The concrete for the base of the battery box was mixed by hand.
And although you are perfectly right in saying that the original concrete would have been mixed by hand (and well-done it is too) they had what passed for the equivalent of barn-raising parties and everyone in the neighbourhood flocked around to share the load. But around here these days, with a couple of notable exceptions, they wouldn’t even share a bus shelter in a monsoon.
Get some illegal immigrants in to do the work for you for half a loaf of bread.
Illegal immigrants be badgered. You and Krys can do it!
Don’t look at me, I know when a job is a job too far and that one would need a radio-telescope! 🙂
Hence the bitumen!
Illegal immigrants are cheaper 😛
One smells in hot conditions and the other will get you locked up.
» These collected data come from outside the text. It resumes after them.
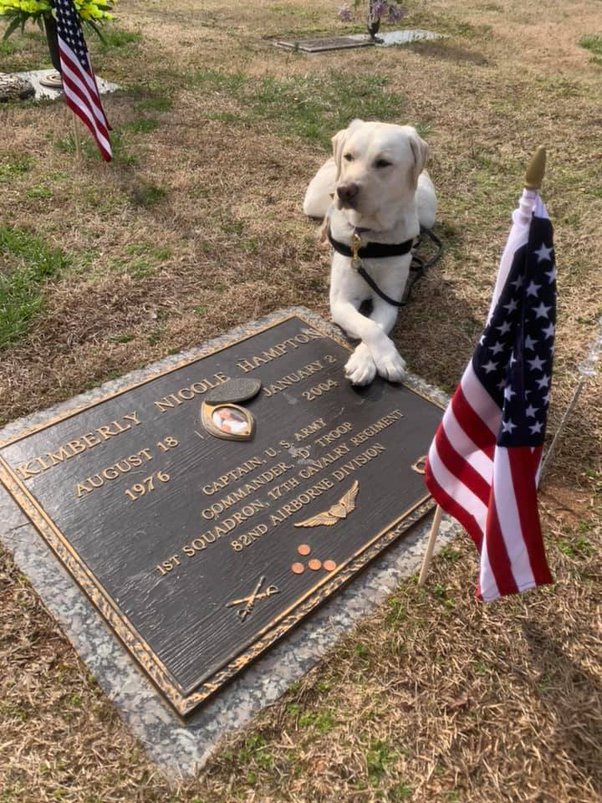 Hampton, a fully-trained service dog, visits his namesake’s final resting place. Image Credit: quora.com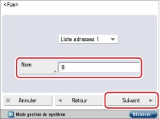 Appuyer sur [Mémor. nouv. dest.]. → [Fax] → saisir le nom "Bureau B" → appuyer sur [Suivant].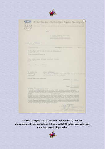 De NCRV nodigde ons uit voor een TV programma, “Pick Up” de opnamen zijn wel gemaakt en ik heb er zelfs 100 gulden voor gekregen, maar het is nooit uitgezonden.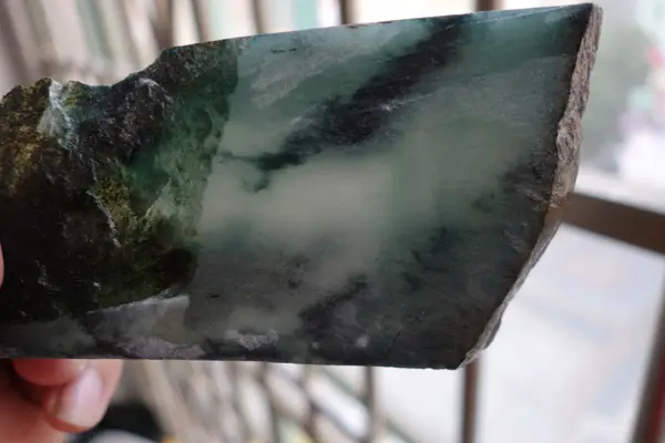 打光,通過打光來分析翡翠原石內部的情況(如下圖所示),這可是行家們出價前參考的重要內容。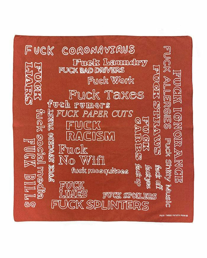 Inspired by vintage 1970’s handmade bandanas found at motorcycle swap meets and vintage markets. This FUCK bandana covers off on all of our current gripes and grievances.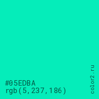 Цвет #05EDBA в цветовой модели RGB обозначается тремя октетами (5, 237, 186) в десятичном формате и #05EDBA в шестнадцатиричном (hex) формате, которые являются интенсивностью красного 5 (hex 05), интенсивность зелёного 237 (hex ED) и интенсивность синего 186 (hex BA).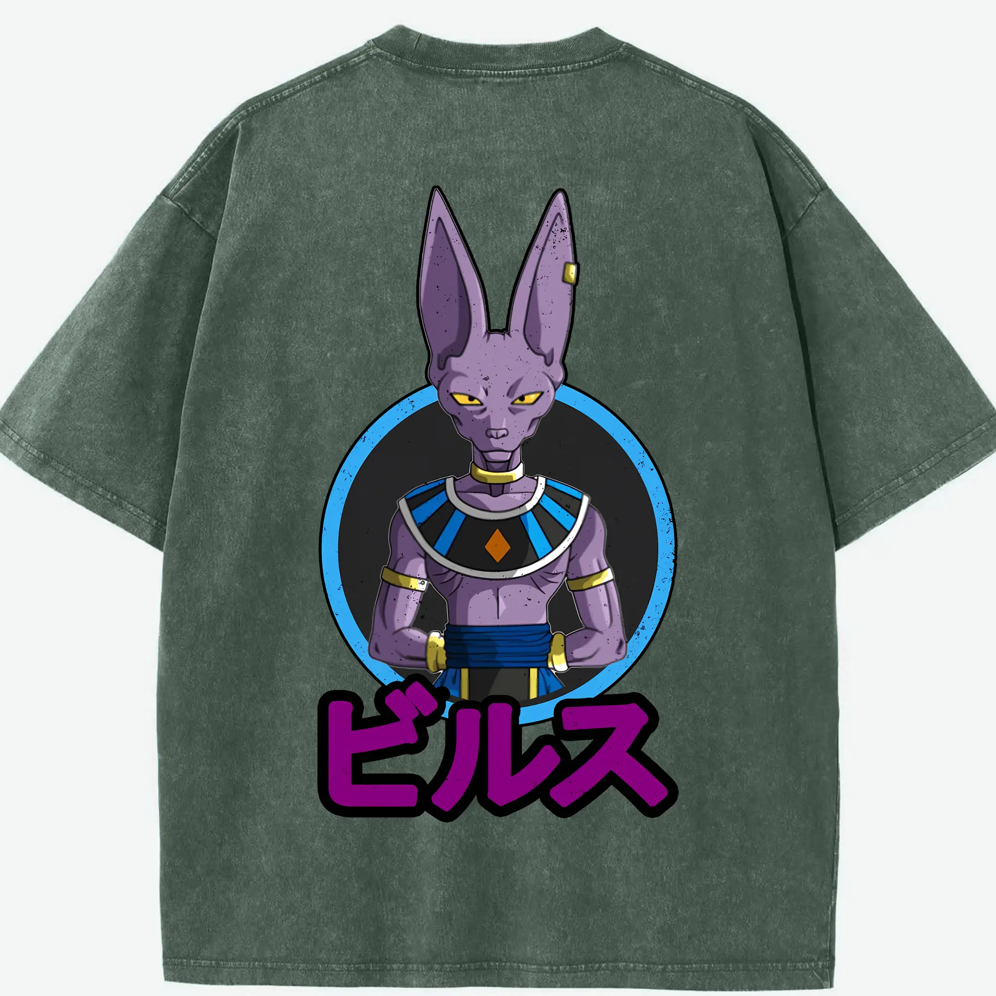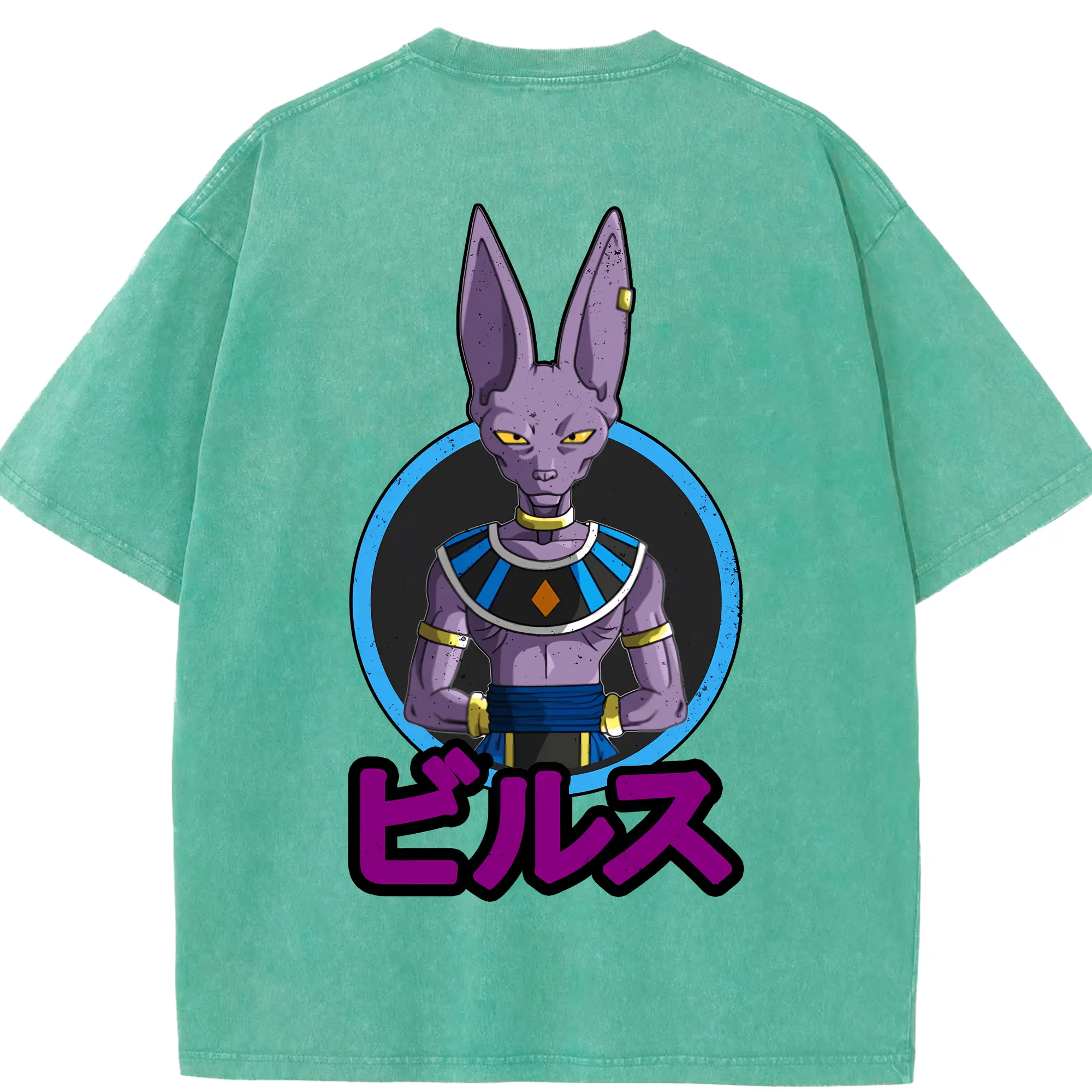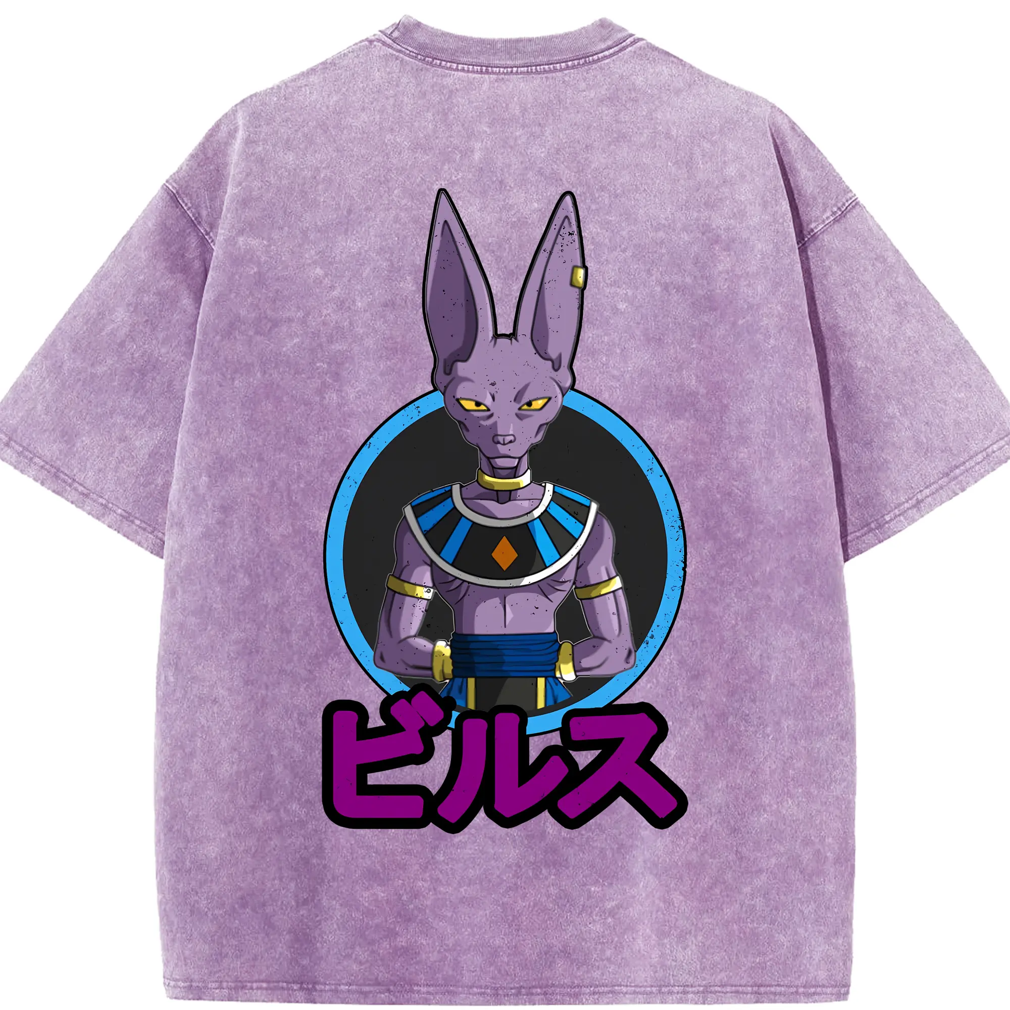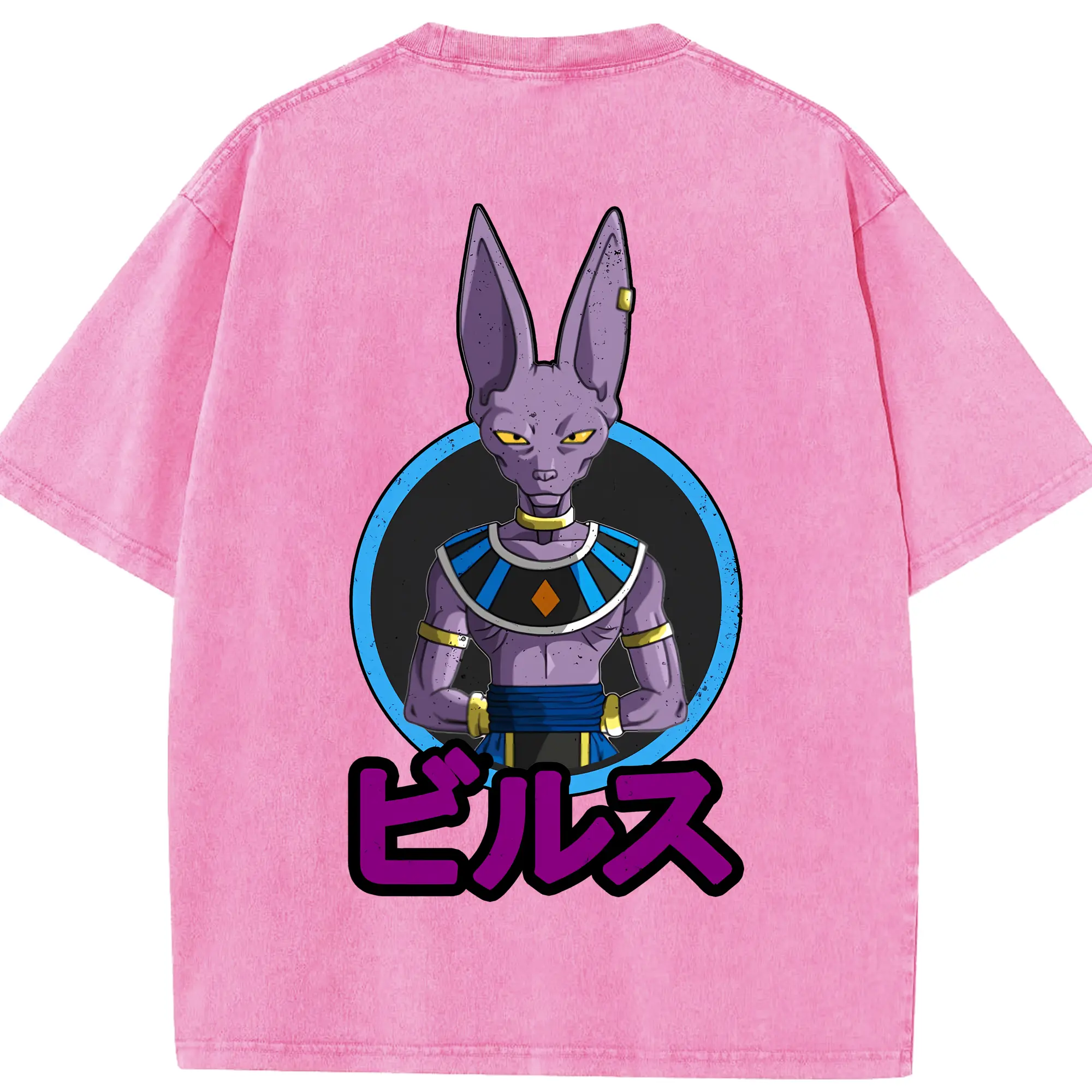 ドラゴンボール グッズ ビルス - 綿100% ヴィンテージ風 半袖Tシャツ ・ フロントプリント ・ 柔らか肌触り ・ 通気性 快適 ・ スポーツ カジュアル 外出用

I’ve never heard of anybody getting locked up for employing illegal immigrants. Besides – after you use them, you can denounce them as illegals, have them rounded up by the state and thus can get out of paying them :d
A girl I know in Brussels was arrested for employing Polish labourers for repairing her apartment.
In the UK, if you knowingly employ illegals then you could in theory get locked up. In practise it’s more likely to be a fine though.
How can they prove you know they’re illegal. No contract = no proof.
They are supposed to ask for their passport, visa and work permits. If they havent got them and you’ve employed them then you didn’t look! The laugh is that not too long ago the House of Commons were employing an illegal as cleaning staff :-))
So if I go to Britain, I’m to expect an employer to ask for my visa, passport and work permit? Most British citizens have no passport, no need for a visa and no need for a work permit unless (and it’s not inconceivable) the government has required all people of employable age to apply for permission to work and pay for a work permit.
There must be hundreds if not thousands of people of foreign ancestry born in Britain. To ask for their passport because they look a bit foreign strikes me as something actionable under racism laws.
Errrr – aren’t you still entitled to live and work in the UK? I know my neice is and she’s been left the UK for 20 years and married to a foreigner for 17 years.
But I know there’s been a whole raft of changes in the UK recently about Johnny Foreigner having to have id cards and all that kind of thing.
It doesn’t apply to british citizens. If you have british nationality or are married to one (and are here legally) you can do what you want cos you aren’t an illegal immigrant. If you are born here then you are automatically a british citizen and never mind what your ancestry is.
As for permission to work, well we have had national insurance numbers for donkey’s years and that is what entitles you to work. You get issued with one when you reach school leaving age (16+). That’s what ties us into the tax system. It’s something else our hypothetical employer should be asking for that would tell him he’s employing an illegal immigrant. Tax dodging is illegal too. They haven’t got round to making breathing illegal yet but I’m sure there’s a green paper on it somewhere in the beurocracy 😉
All you have to do is say you’ve lost your NI number and they take tax at the emergency rate. They don’t even bother looking it up for months!